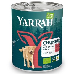 Bröckchen mit biologischem Huhn und Rind, die mit Nessel und Tomate angereichert sind, um der Mahlzeit ihres Hundes mehr Struktur zu verleihen. Geeignet für Hunde aller Rassen und Altersgruppen, sowohl für Welpen als auch für ältere Hunde.
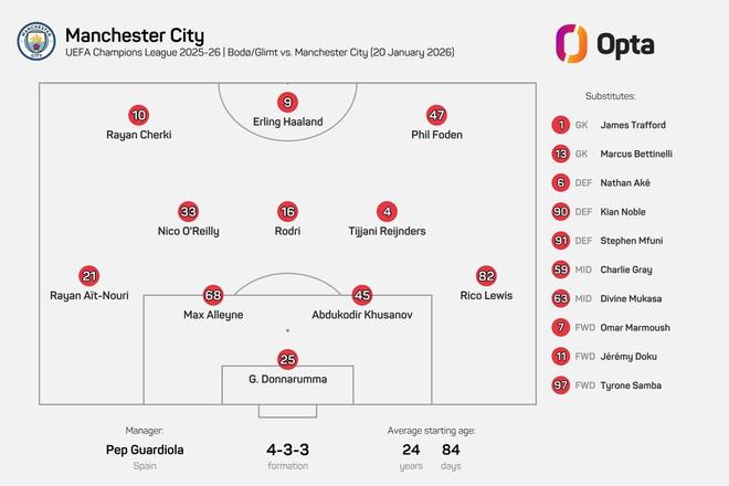 多纳鲁马(26岁);里科-刘易斯(21岁)、胡桑诺夫(21岁)、马克斯-阿莱恩(20岁)、艾特-努里(24岁);赖因德斯(27岁)、罗德里(29岁)、尼科-奥赖利(20岁);福登(25岁)、哈兰德(25岁)、谢尔基(22岁)
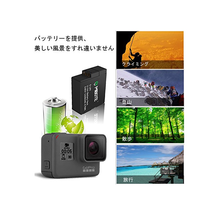 원본상품명: MIBOTE GoPro HERO5 交換用バッテリ 2個 3ポトUSB充電器 最新システムv01.55使用可能 1220mAh 充電式バッテリ 機種 GoPro HERO5 Black ブ
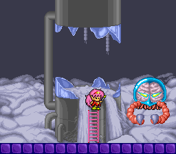 The second boss of Chapter 2, normally a crocodile, has become the brain boss, albeit with an incorrect color palette and the tentacle arms replaced with a couple black balls. The boss also lacks a hitbox, which means it is unbeatable and the game soft locks at this point. (For comparison, the second image above is the brain boss from the final version.)
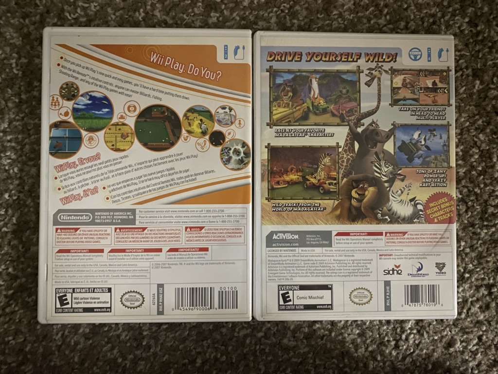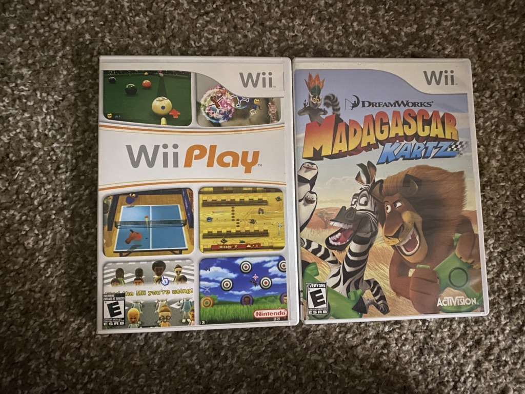 This bundle comes with black Wii console, power cord, av cord, stand, 2 black remotes, 2 black nunchucks, Wii Sports, Madagascar Kartz (almost exactly like Mariokart), Wii Play, and new accessories for many sports including pool, golf and tennis. $220
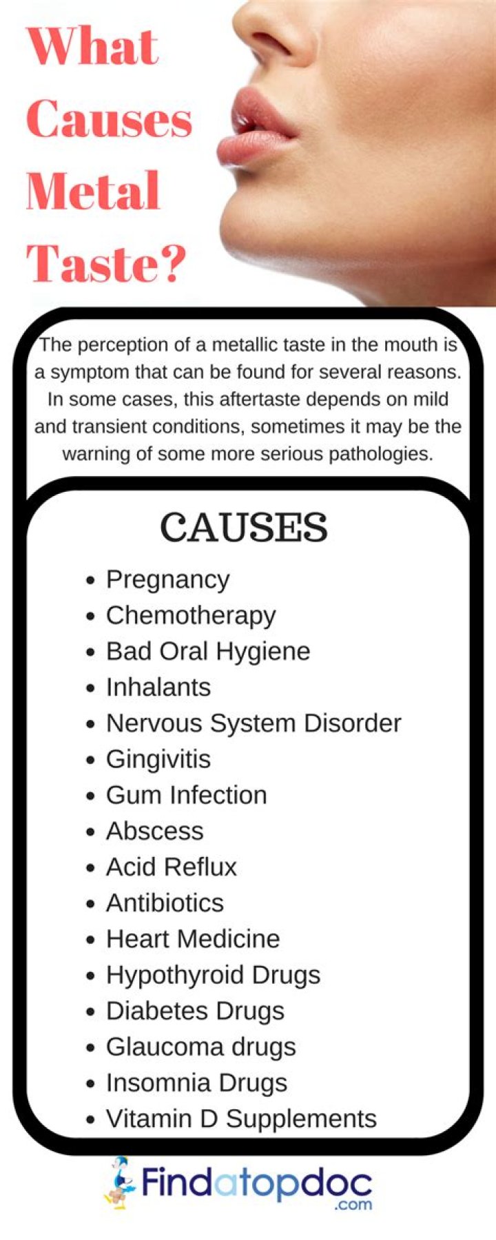 Common conditions that can cause a metallic taste A metallic or altered sense of taste can be due to the following conditions: Aging. Breathing through your mouth, which leads to a dry mouth. Dehydration.

· · · ·

=== The problem ===
Reproduce exactly the lines above that run from the one with "원본상품명: MIBOTE GoPro" to the one with "This bundle comes", both included, leaving pictures out.

=== Response box ===
 원본상품명: MIBOTE GoPro HERO5 交換用バッテリ 2個 3ポトUSB充電器 最新システムv01.55使用可能 1220mAh 充電式バッテリ 機種 GoPro HERO5 Black ブ
 The second boss of Chapter 2, normally a crocodile, has become the brain boss, albeit with an incorrect color palette and the tentacle arms replaced with a couple black balls. The boss also lacks a hitbox, which means it is unbeatable and the game soft locks at this point. (For comparison, the second image above is the brain boss from the final version.)
 This bundle comes with black Wii console, power cord, av cord, stand, 2 black remotes, 2 black nunchucks, Wii Sports, Madagascar Kartz (almost exactly like Mariokart), Wii Play, and new accessories for many sports including pool, golf and tennis. $220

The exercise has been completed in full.